Though I know so many of the moms who were present had been in my shoes before, I couldn’t help but feel a little judged. If I were able to hear their thoughts, I was certain they would have sounded like: “Why can’t she keep her son quiet?” “Looks like she’s raising a brat!” “Where’s her husband?” “Why did she sit so close to the front?” “Does she even have a kid in this school? I’ve never seen her at a PTA meeting!” “One word, lady: babysitter!”

Just as I made it to the back, I saw her. You know, the mom that all the other moms talk about. As I passed, I noticed a faint smell of whisky looming in the air around her. Her dark, curly hair was a slight birds’ nest of a mess. Her clothes, ill fitting, aimed desperately to be professional in appearance, though fell short because of the small specks of food (or something) that had stained the corner of her lapel. I watched her for a moment, almost gawking that someone was more awkward than me – me with my over-tired babbling boy, screaming through the rows about his new found fecal philia.

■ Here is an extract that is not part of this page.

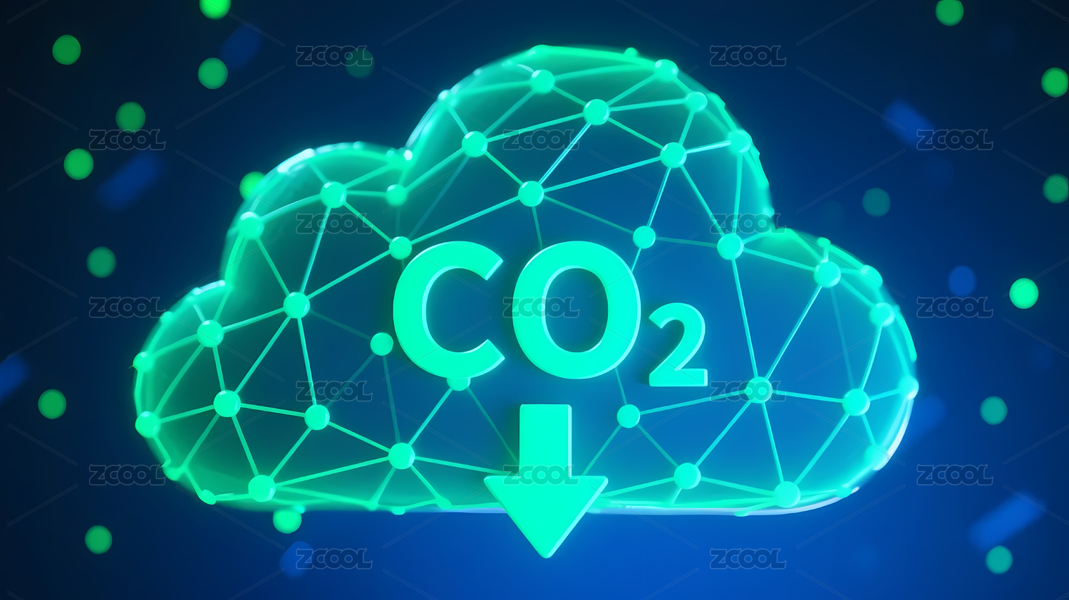 绿色, 蓝色, 科技, 光点, 渐变, 环保,云朵, 网络, CO2, 箭头

This mom, she clapped ferociously after every child’s pause in speech. And sometimes when they weren’t yet done. She cheered occasionally the way that college girls do at Mardi Gras when they catch a string of beads. A long “WHHOOOOOOOOOHOOOO,” even raising up her hands as if she were on an amusement park ride. And toward the end, she started throwing out phrases like an eager and raucous church lady, saying “Uh huh, that’s right” or “You tell ‘em!” And to one of the boys she even stood up and said “You go, girl.”

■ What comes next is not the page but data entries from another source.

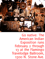 NATIVE EXPOSURE. Native American crafts from across the United States and Canada roll into town today, as the two-week American Indian Exposition gets underway. More than 20 vendors will be on hand, along with demonstrations by several artists, including drum painting by Sonja Holy Eagle of the Lakota Tribe, and a booksigning by expo organizer Fred Synder. Free event runs daily through February 15 in the Travelodge Flamingo, 1300 N. Stone Ave. For information, call 622-4900.
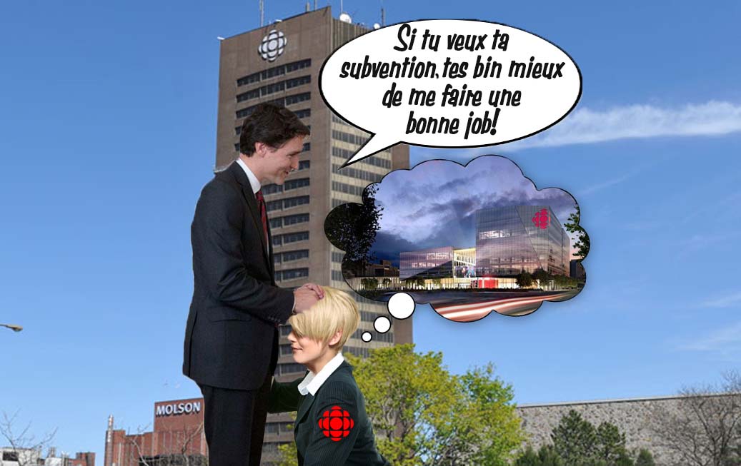 Effet, rien n'est différent aujourd'hui, Radio-Canada continue à faire des pipes à Trudeau, dans un but bien précis, celui de voir la fin de la construction de La Maison mère de Radio-Canada. Qui a payé pour ça, vous croyez ? Voici ce que représente Radio-Canada pour les Québécois. Il doit l’avouer, c'est choquant, mais assez représentatif.
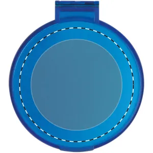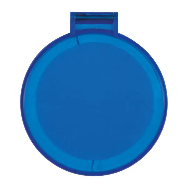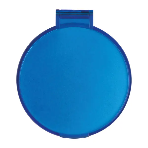 Kerek, hordozható kozmetikai zsebtükör matt felületű műanyagból.

In my prior haste to get to the back of the room, I had noticed the thick and steaming snickers of judgement pervading the air around me. Because I can be a bit self-centered, I had misinterpreted it to think that they were all aimed at me. But they weren’t. Not most of them, anyway. After watching for a moment, I realized that they had been directed at this mom. The mom that all the other moms avoid.

Finally, as it was time for her daughter and my daughter (who were in the same class) to make their presentations, I noticed the kids shuffling out with timid confusion. They each came out in a small groups, mumbling briefly into a dusty old microphone before scooting off into the shadows. I was able to catch my daughter’s presentation before she scurried off with the rest. She had been so nervous, but when she saw us in the audience, even though we had moved so far to the back, she smiled with ease and seemed to instantly relax. The juxtaposition between my daughter and her classmate, however, was profound.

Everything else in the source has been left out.